* **Problem to work on**: Output the lines of the entries below beginning at the one with "De ruime badkamer" and ending with the last, exactly as written and without pictures.

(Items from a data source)
··········

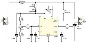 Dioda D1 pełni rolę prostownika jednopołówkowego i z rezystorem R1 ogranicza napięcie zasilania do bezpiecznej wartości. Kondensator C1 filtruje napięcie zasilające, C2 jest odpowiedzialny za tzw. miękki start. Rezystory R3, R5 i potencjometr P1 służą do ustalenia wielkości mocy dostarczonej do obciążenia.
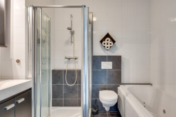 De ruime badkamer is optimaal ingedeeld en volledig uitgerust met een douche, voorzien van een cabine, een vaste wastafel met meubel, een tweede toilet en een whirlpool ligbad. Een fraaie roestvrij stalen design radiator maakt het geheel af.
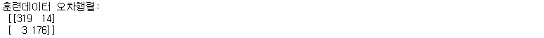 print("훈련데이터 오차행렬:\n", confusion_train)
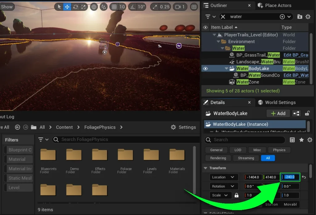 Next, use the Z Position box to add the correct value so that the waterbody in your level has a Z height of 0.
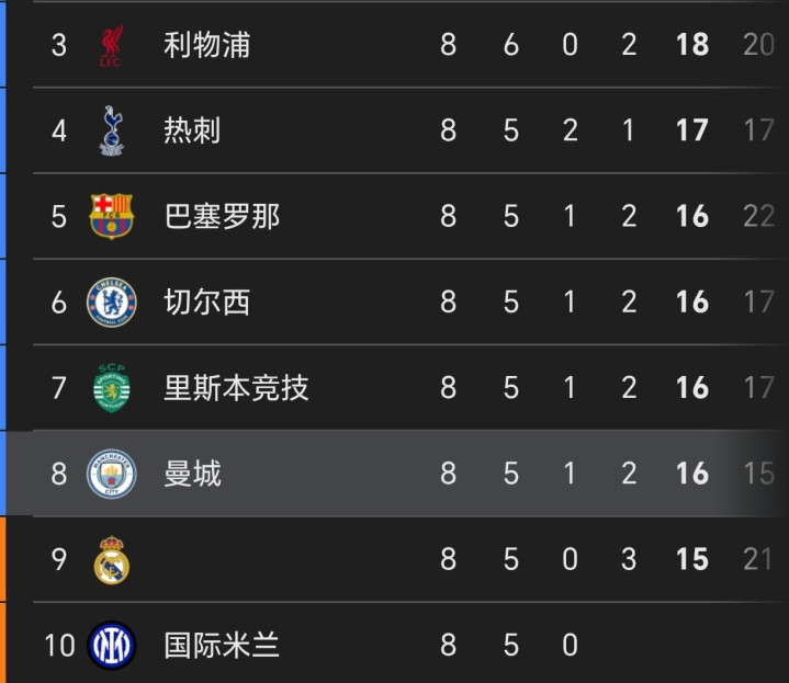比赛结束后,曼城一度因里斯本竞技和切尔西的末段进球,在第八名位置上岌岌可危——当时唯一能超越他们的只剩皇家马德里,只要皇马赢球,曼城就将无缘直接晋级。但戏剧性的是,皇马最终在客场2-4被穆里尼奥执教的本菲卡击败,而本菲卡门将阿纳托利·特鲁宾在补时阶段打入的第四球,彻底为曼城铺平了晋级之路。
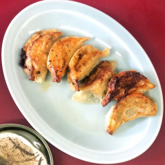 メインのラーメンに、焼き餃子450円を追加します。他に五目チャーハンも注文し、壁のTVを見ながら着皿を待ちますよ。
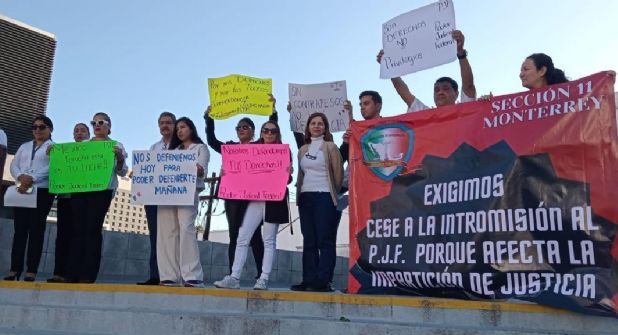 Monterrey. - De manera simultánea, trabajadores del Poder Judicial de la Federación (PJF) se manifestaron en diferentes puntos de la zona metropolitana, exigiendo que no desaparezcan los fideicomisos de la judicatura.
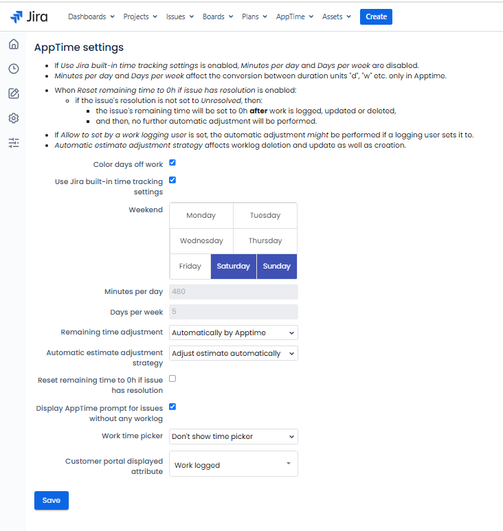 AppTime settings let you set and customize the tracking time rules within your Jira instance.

··········

* **Solution to the exercise**:
 De ruime badkamer is optimaal ingedeeld en volledig uitgerust met een douche, voorzien van een cabine, een vaste wastafel met meubel, een tweede toilet en een whirlpool ligbad. Een fraaie roestvrij stalen design radiator maakt het geheel af.
 print("훈련데이터 오차행렬:\n", confusion_train)
 Next, use the Z Position box to add the correct value so that the waterbody in your level has a Z height of 0.
比赛结束后,曼城一度因里斯本竞技和切尔西的末段进球,在第八名位置上岌岌可危——当时唯一能超越他们的只剩皇家马德里,只要皇马赢球,曼城就将无缘直接晋级。但戏剧性的是,皇马最终在客场2-4被穆里尼奥执教的本菲卡击败,而本菲卡门将阿纳托利·特鲁宾在补时阶段打入的第四球,彻底为曼城铺平了晋级之路。
 メインのラーメンに、焼き餃子450円を追加します。他に五目チャーハンも注文し、壁のTVを見ながら着皿を待ちますよ。
 Monterrey. - De manera simultánea, trabajadores del Poder Judicial de la Federación (PJF) se manifestaron en diferentes puntos de la zona metropolitana, exigiendo que no desaparezcan los fideicomisos de la judicatura.
 AppTime settings let you set and customize the tracking time rules within your Jira instance.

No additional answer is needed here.